## Prompt
Give all the lines below again, exactly, with no pictures.

Dataset excerpt section start

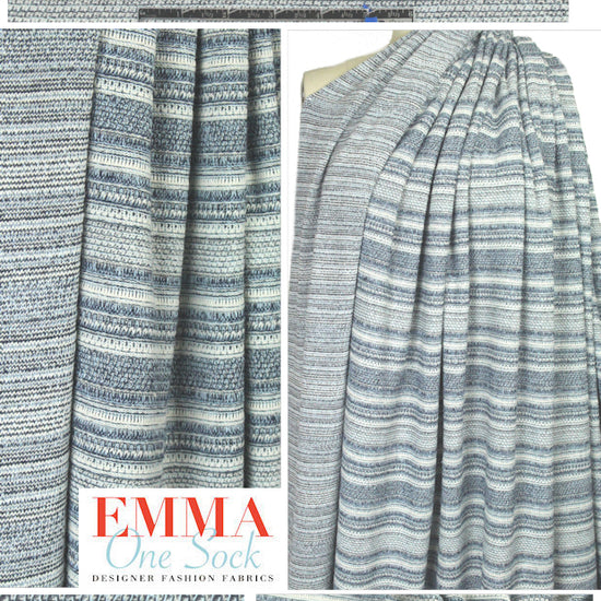 This is a fantastic all-cotton sweater knit made in Italy, a medium-weight and nearly-opaque knit with a varied stitch stripe (2.75" repeat) in denimy blue, bleached blue and natural (PANTONE 19-4025, 14-4210, etc.). It has a soft drape and about 40% stretch widthwise, 20% lengthwise, and is perfect for a tunic, cardigan, pullover, sweater dress, etc. The reverse, shown in the drapey photos below, is more of a tweedy knit stitch, and could be used as the face, or for contrast. Casual, comfortable and stylish! Cut in a single layer layout; as with most natural fiber sweater knits, there can be some twisting and/or distortion (we give extra to compensate for this). Dry clean, or hand wash, lay flat to dry.
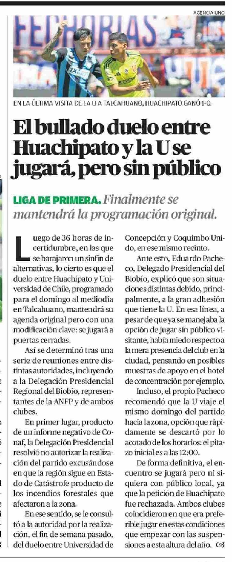 El bullado duelo entre Huachipato y la Use jugará, pero sin público
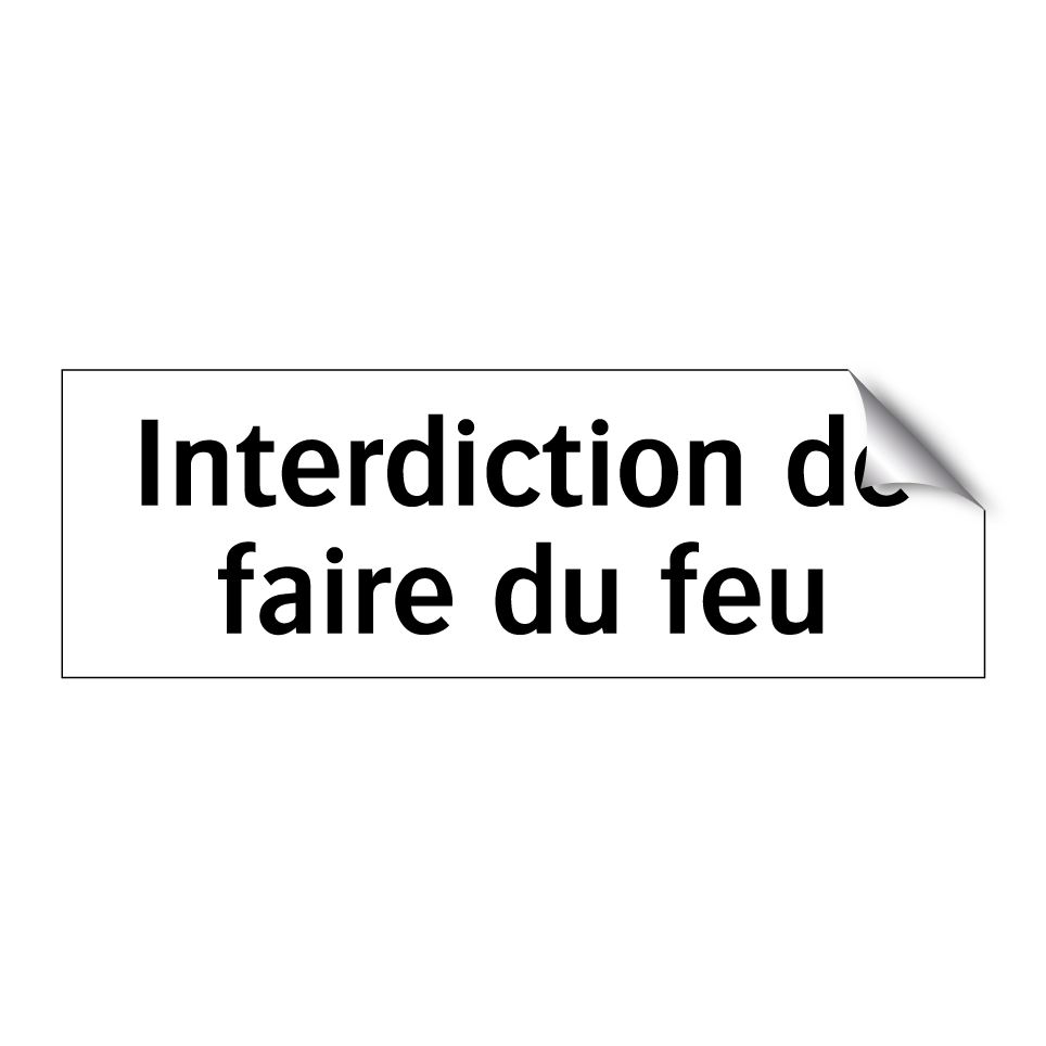 Panneau d'interdiction avec le texte : "Interdiction de faire du feu"

Dataset excerpt section end

## Task response
 This is a fantastic all-cotton sweater knit made in Italy, a medium-weight and nearly-opaque knit with a varied stitch stripe (2.75" repeat) in denimy blue, bleached blue and natural (PANTONE 19-4025, 14-4210, etc.). It has a soft drape and about 40% stretch widthwise, 20% lengthwise, and is perfect for a tunic, cardigan, pullover, sweater dress, etc. The reverse, shown in the drapey photos below, is more of a tweedy knit stitch, and could be used as the face, or for contrast. Casual, comfortable and stylish! Cut in a single layer layout; as with most natural fiber sweater knits, there can be some twisting and/or distortion (we give extra to compensate for this). Dry clean, or hand wash, lay flat to dry.
 El bullado duelo entre Huachipato y la Use jugará, pero sin público
 Panneau d'interdiction avec le texte : "Interdiction de faire du feu"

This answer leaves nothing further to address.